Begin at the line below that has "陸鵬處長一行參觀了學(xué". Stop after the line that has "- Set of four", repeating each line exactly and leaving out the pictures.

Data listing:
———
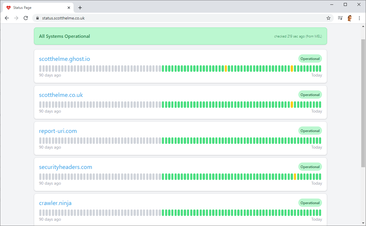 Before we get started you can take a look at my status page and decide if you'd like one for yourself! status.scotthelme.co.uk
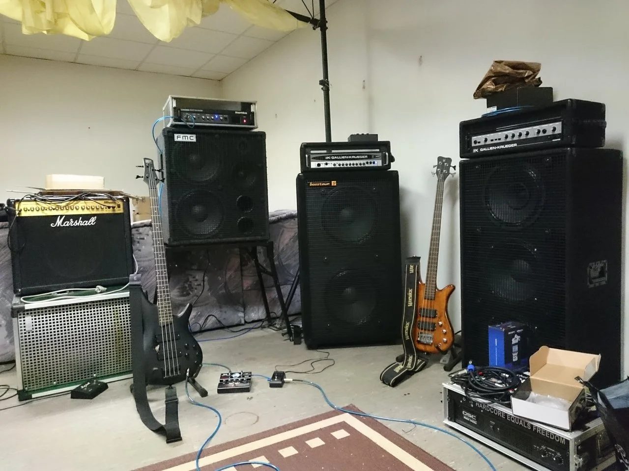 Boxen gehören wenn man sie im Bandbuss transportiert mindestens in eine Schutzhülle,
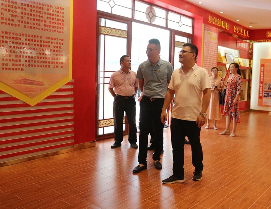 陸鵬處長一行參觀了學(xué)生裝文化展示中心、生產(chǎn)車間和百裕實(shí)業(yè)黨群服務(wù)中心,詳細(xì)了解了公司生產(chǎn)經(jīng)營發(fā)展情況,聽取了近年來加強(qiáng)黨建引領(lǐng)公司發(fā)展工作匯報(bào),并對進(jìn)一步加強(qiáng)黨員隊(duì)伍建設(shè),建好用好公司黨建陣地,充分發(fā)揮黨員先鋒模范帶頭作用,增強(qiáng)員工凝聚力、戰(zhàn)斗力促進(jìn)公司高質(zhì)量發(fā)展作具體指導(dǎo)。
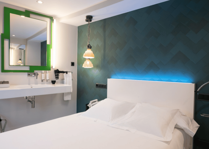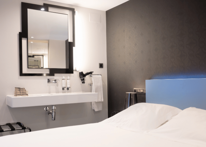 Tiene un toque único, funcional y personal ya que no hay dos iguales y prueba de ello es su moderno lavabo de diseño situado al lado de la cama.
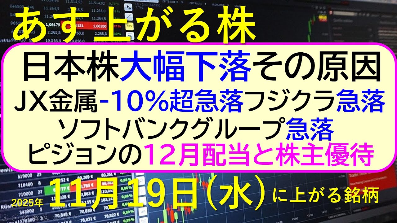 あす上がる株 2025年11月19日(水)に上がる銘柄。日本株下落の原因。JX金属10%超急落。フジクラ急落。ソフトバンクグループ急落。ピジョン配当。~最新の日本株情報。高配当株の株価やデイトレ情報~
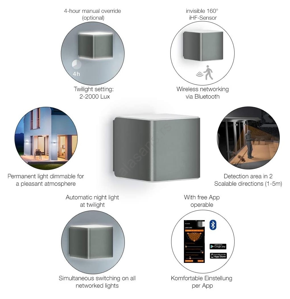 • Svetlo se upravlja besplatnom aplikacijom STEINEL SmartRemote (kompatibilno sa Android i iOS) preko Bluetooth-a.
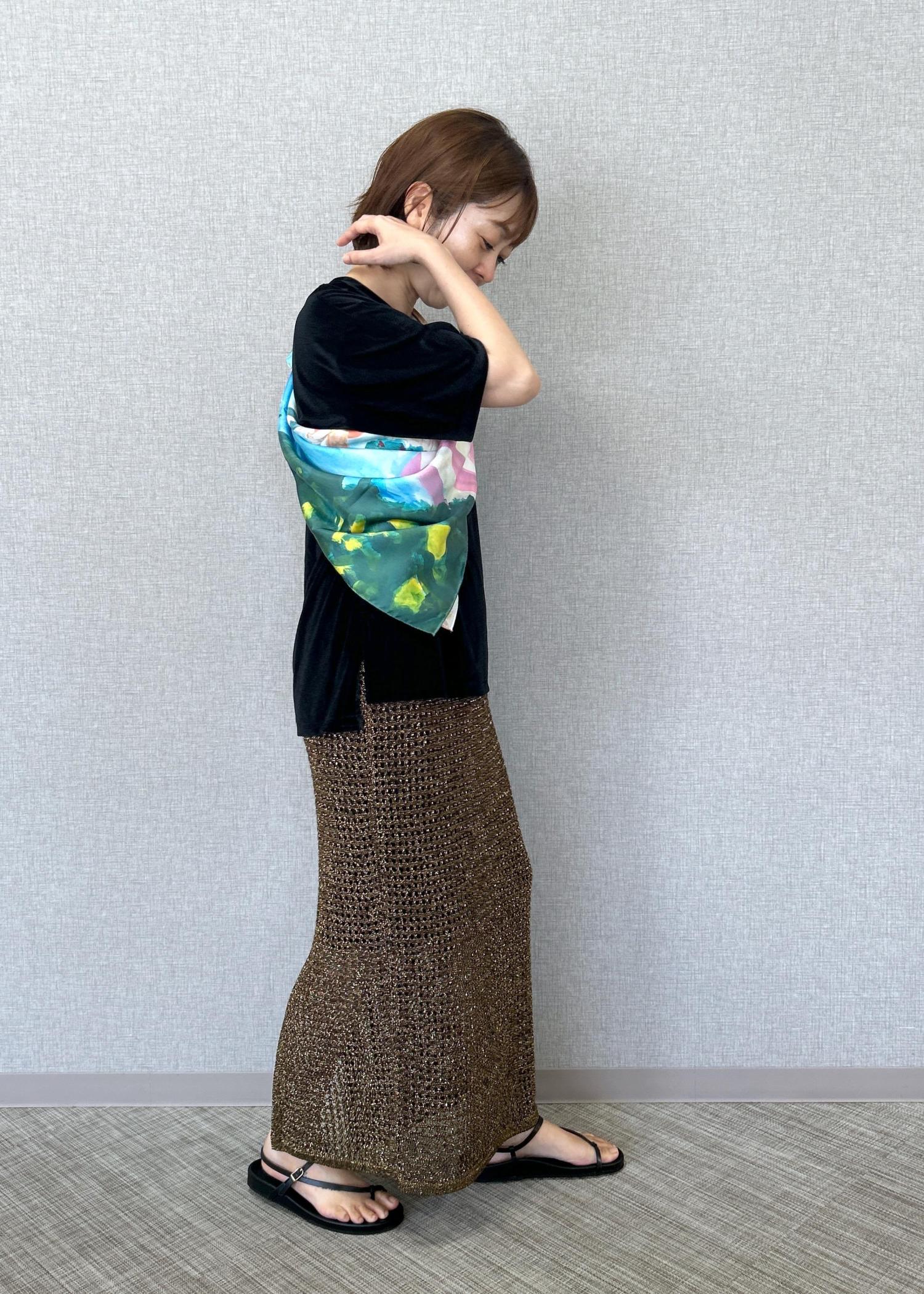 スカーフは大判サイズなのでアレンジもしやすいです。
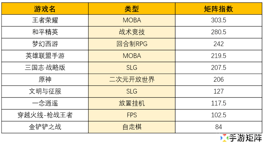 根據七麥數據顯示,騰訊《王者榮耀》和《和平精英》佔了前兩個席位,網易的《夢幻西遊》手遊佔據了第三席。值得注意的是,根據手遊矩陣研究院的指數顯示,騰訊如今在國內市場的份額比例越來越大,更重要的是,騰訊長期上榜的遊戲都有了一個共性,就是電競趨勢,無論是老牌拳頭產品《王者榮耀》《和平精英》《穿越火線-槍戰王者》,還是去年上線的熱門大作《英雄聯盟手遊》和《金剷剷之戰》,電競賽事生態都非常成熟,同時這些產品大多都有自己的職業聯賽,所以從這種情況來看,這些遊戲都有着非常強的生命力和海量的用户羣體,所以對於這類遊戲來説,只要電競生態形成,後續的走勢會愈加穩定。
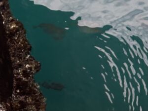 下を覗き込むだけで、様々な魚を目視できます。上写真はメジナ、アイゴが写っています。
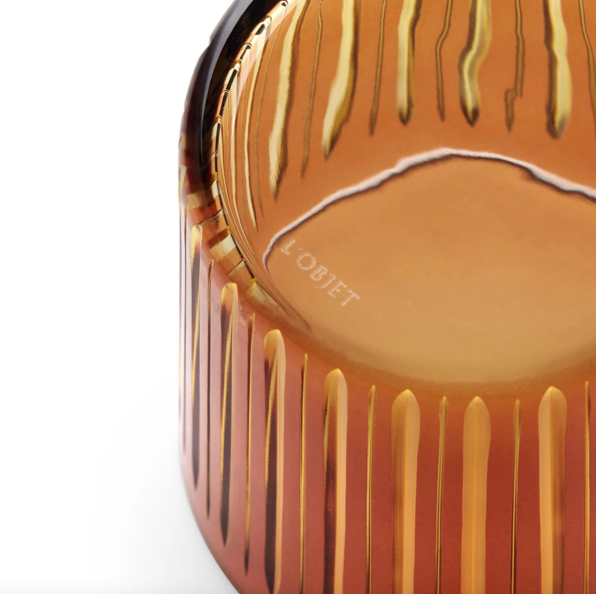 - Set of four L'Objet Prism glasses, hand-cut and decorated in amber. Also available in green, purple, and burgundy. Dimensions: 9 cm x 9.25 cm. Capacity: 38 cl
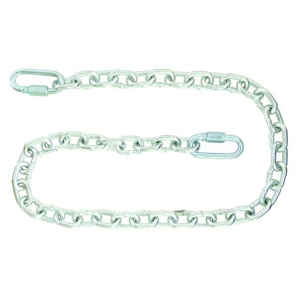 Safety Chain, Attachment Style Quick Link, Duty Capacity Heavy Duty, Chain Style Safety Chain, Hook Width 5/8 in, Link Diameter 1 7/8 in, Chain Length 4 ft, Chain Color Silver, Color Silver, Hook Color Silver, Material Carbon Steel, Finish Zinc Plated, Working Load Break Strength 3,000 lb, Assembly Break Strength 3,000 lb, Number of Legs 0, Features Easy-to-Use Quick Links for A Secure Safety Chain Connection, Includes (2) Quick Link Connectors, Resistance Properties Corrosion-Resistant
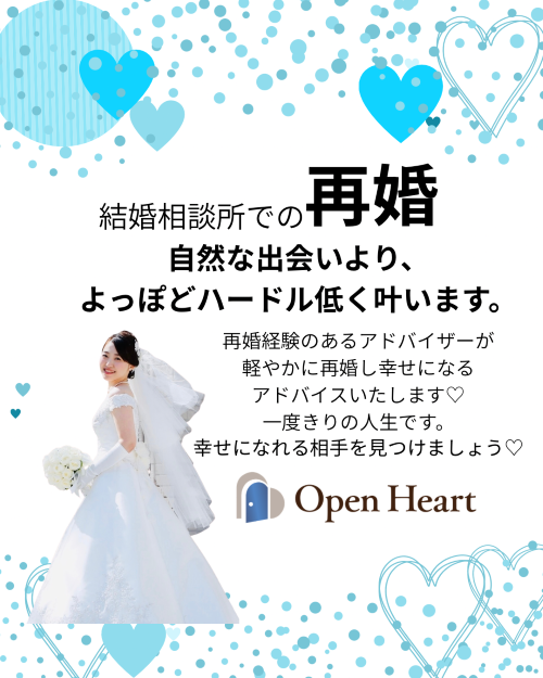 オープンハートさいたま浦和婚活サロンはさいたま市・浦和を中心にその他・東京や首都圏中心の会員様の婚活サポートをしております結婚相談所です。
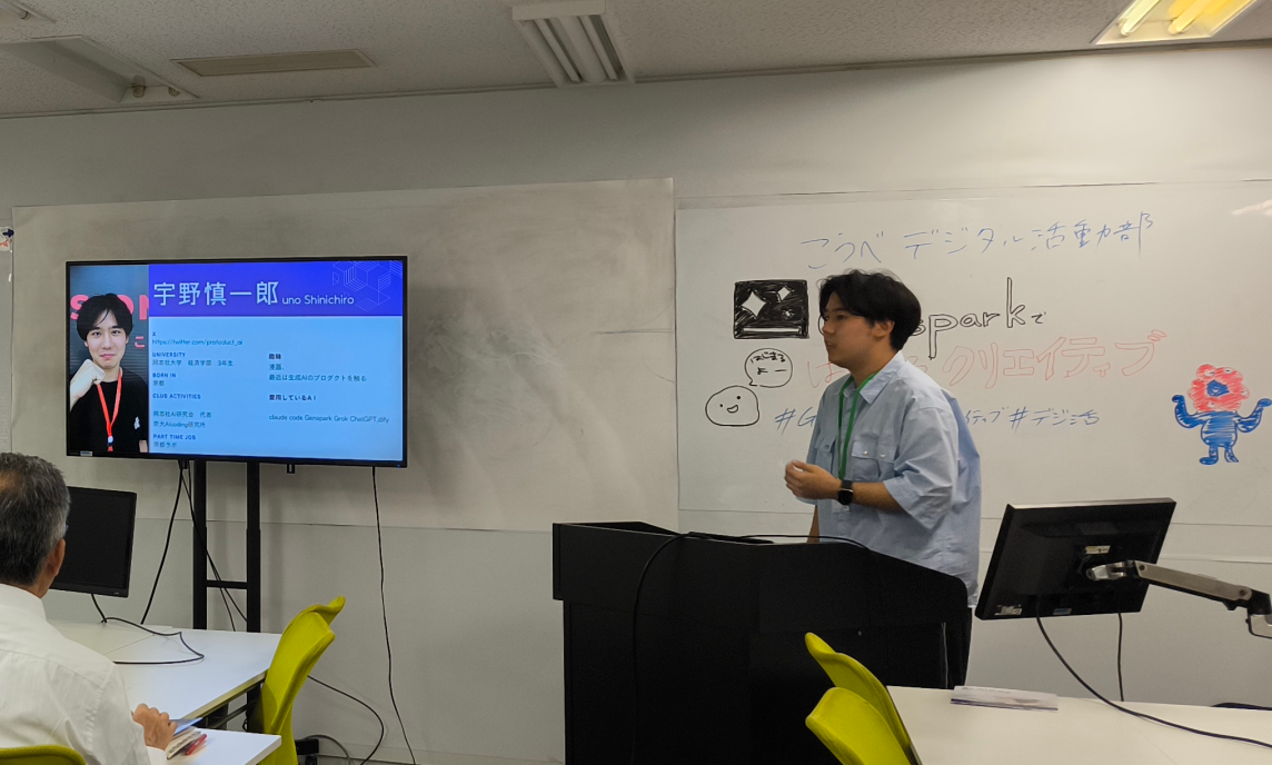 こうべデジタル活動部は、神戸市が主催する学生向けデジタル人材育成プロジェクト。毎月異なるテーマで、最新のAIツールや技術に触れる機会を提供しています。
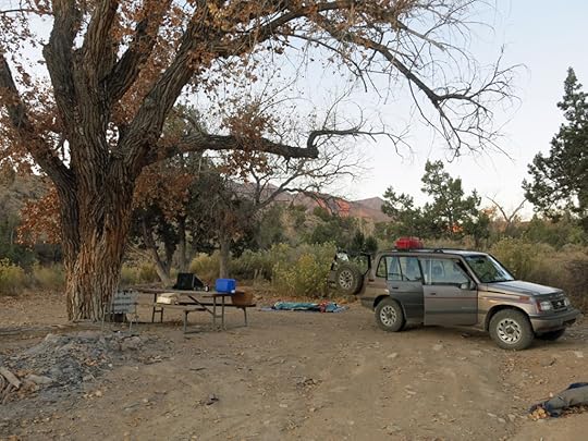 We began the long hike back to camp, with me complaining angrily along the way, and pushing myself to walk too fast with my short steps. Fortunately we came across an old roadway that we’d missed on the way up, and it gave us a much easier path to camp that turned my attitude around. There was still a bit of light left in the sky when we finally arrived, and I raced to take a shower, with my water bag perched atop the spare tire mounted on the Sidekick’s dusty tailgate, before starting dinner.
———
Reply:
 陸鵬處長一行參觀了學(xué)生裝文化展示中心、生產(chǎn)車間和百裕實(shí)業(yè)黨群服務(wù)中心,詳細(xì)了解了公司生產(chǎn)經(jīng)營發(fā)展情況,聽取了近年來加強(qiáng)黨建引領(lǐng)公司發(fā)展工作匯報(bào),并對進(jìn)一步加強(qiáng)黨員隊(duì)伍建設(shè),建好用好公司黨建陣地,充分發(fā)揮黨員先鋒模范帶頭作用,增強(qiáng)員工凝聚力、戰(zhàn)斗力促進(jìn)公司高質(zhì)量發(fā)展作具體指導(dǎo)。
 Tiene un toque único, funcional y personal ya que no hay dos iguales y prueba de ello es su moderno lavabo de diseño situado al lado de la cama.
 あす上がる株 2025年11月19日(水)に上がる銘柄。日本株下落の原因。JX金属10%超急落。フジクラ急落。ソフトバンクグループ急落。ピジョン配当。~最新の日本株情報。高配当株の株価やデイトレ情報~
 • Svetlo se upravlja besplatnom aplikacijom STEINEL SmartRemote (kompatibilno sa Android i iOS) preko Bluetooth-a.
 スカーフは大判サイズなのでアレンジもしやすいです。
 根據七麥數據顯示,騰訊《王者榮耀》和《和平精英》佔了前兩個席位,網易的《夢幻西遊》手遊佔據了第三席。值得注意的是,根據手遊矩陣研究院的指數顯示,騰訊如今在國內市場的份額比例越來越大,更重要的是,騰訊長期上榜的遊戲都有了一個共性,就是電競趨勢,無論是老牌拳頭產品《王者榮耀》《和平精英》《穿越火線-槍戰王者》,還是去年上線的熱門大作《英雄聯盟手遊》和《金剷剷之戰》,電競賽事生態都非常成熟,同時這些產品大多都有自己的職業聯賽,所以從這種情況來看,這些遊戲都有着非常強的生命力和海量的用户羣體,所以對於這類遊戲來説,只要電競生態形成,後續的走勢會愈加穩定。
 下を覗き込むだけで、様々な魚を目視できます。上写真はメジナ、アイゴが写っています。
 - Set of four L'Objet Prism glasses, hand-cut and decorated in amber. Also available in green, purple, and burgundy. Dimensions: 9 cm x 9.25 cm. Capacity: 38 cl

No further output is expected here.